More than 99% of the observable universe is plasma. For example, the Sun is a plasma and has mass comprising 99.85% of the solar system, so the fraction of plasma in the solar system is slightly higher once interplanetary plasma is included. Present understanding of the universe has been enabled by the detection of electromagnetic radiation emitted by or passing through plasma material. To understand the universe, we need to understand plasmas, and, in particular, we need to understand the processes of light emission and propagation in plasmas.

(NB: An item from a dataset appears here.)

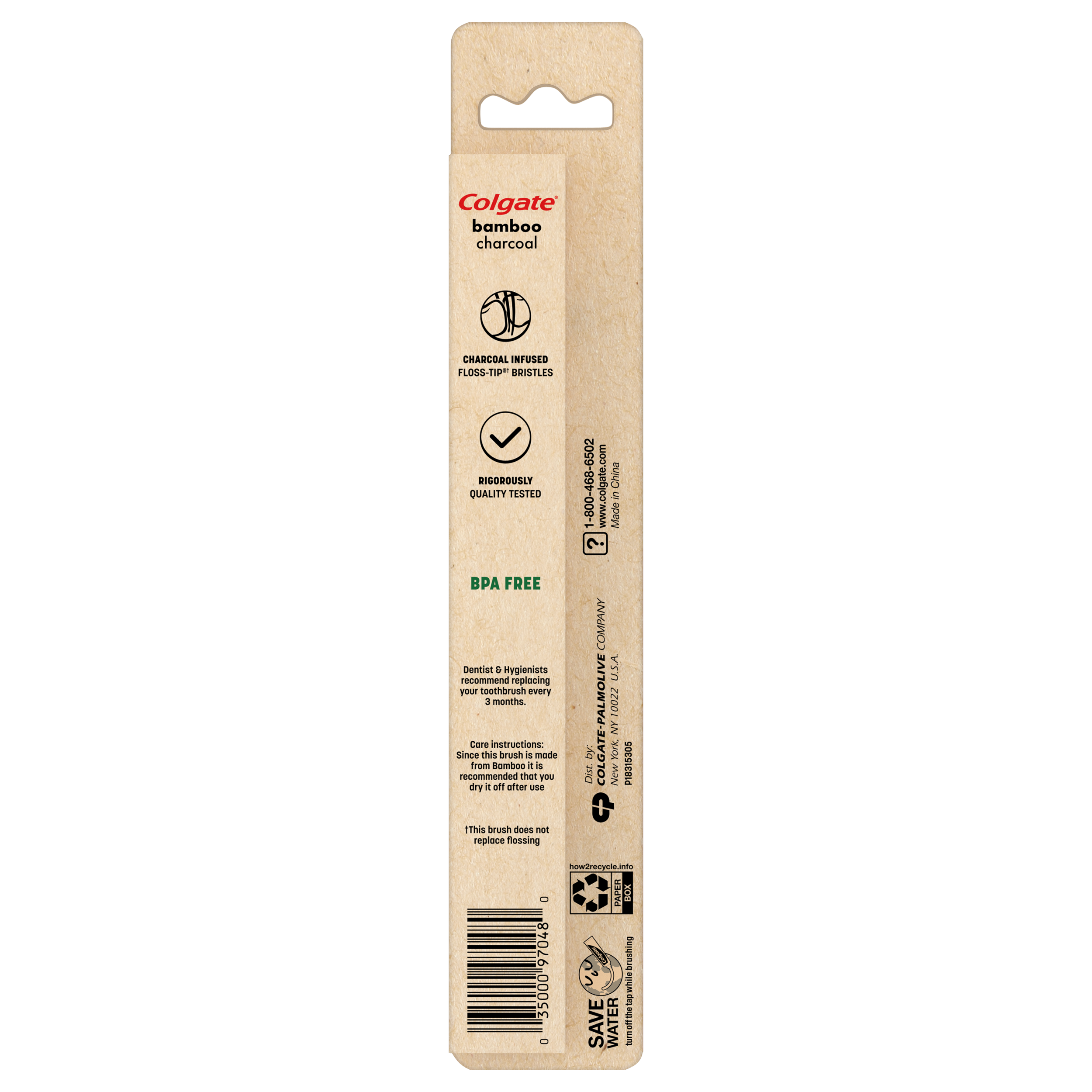 SKU CN07810A Consumer Unit - GTIN 00035000970480 Case - GTIN 10035000970487 Product Category Oral Care Product Sub Category Manual TB Product Equity (Brand) Colgate Product Sub Brand Colgate Bamboo Man TB Product Title Colgate® Bamboo Charcoal Soft Toothbrush Product Description The Colgate® Bamboo Charcoal Toothbrush is good for you and good for the environment. The handle of this soft bristle toothbrush is made from 1% natural, sustainably grown bamboo, and because it’s from Colgate, you know it’s been tested to meet our high standards. • Bamboo toothbrush handle made with 1% natural, sustainably grown material • BPA free • Rigorously tested to meet Colgate’s standards • Charcoal infused, floss-tip soft bristles eCommerce Copy- Long Description The Colgate® Bamboo Charcoal Toothbrush is good for you and good for the environment. The handle of this soft bristle toothbrush is made from 100% natural, sustainably grown bamboo, and because it’s from Colgate, you know it’s been tested to meet our high standards. • Bamboo toothbrush handle made with 100% natural, sustainably grown material • BPA free • Rigorously tested to meet Colgate’s standards • Charcoal infused, floss-tip soft bristles Bullet 1 Bamboo toothbrush handle made with 100% natural, sustainably grown material Bullet 2 BPA free Bullet 3 Rigorously tested to meet Colgate’s standards Bullet 4 Recycled cardboard packaging Bullet 5 Charcoal infused, floss-tip soft bristles

Plasmas have many realised and potential applications. The fusion of isotopes of hydrogen in plasmas confined using magnetic fields or confined by inertia before a dense plasma can expand should provide a new source of energy production to replace the burning of fossil fuels, though the exact physics and many technical issues are not yet resolved [35]. The fuel for a fusion reactor (the deuterium isotope of hydrogen) is abundant in seawater (at concentration 33mg/litre). Large-scale experiments are under way to make fusion reactors because of the enormous potential impact of the development of a fusion power plant [79, 67].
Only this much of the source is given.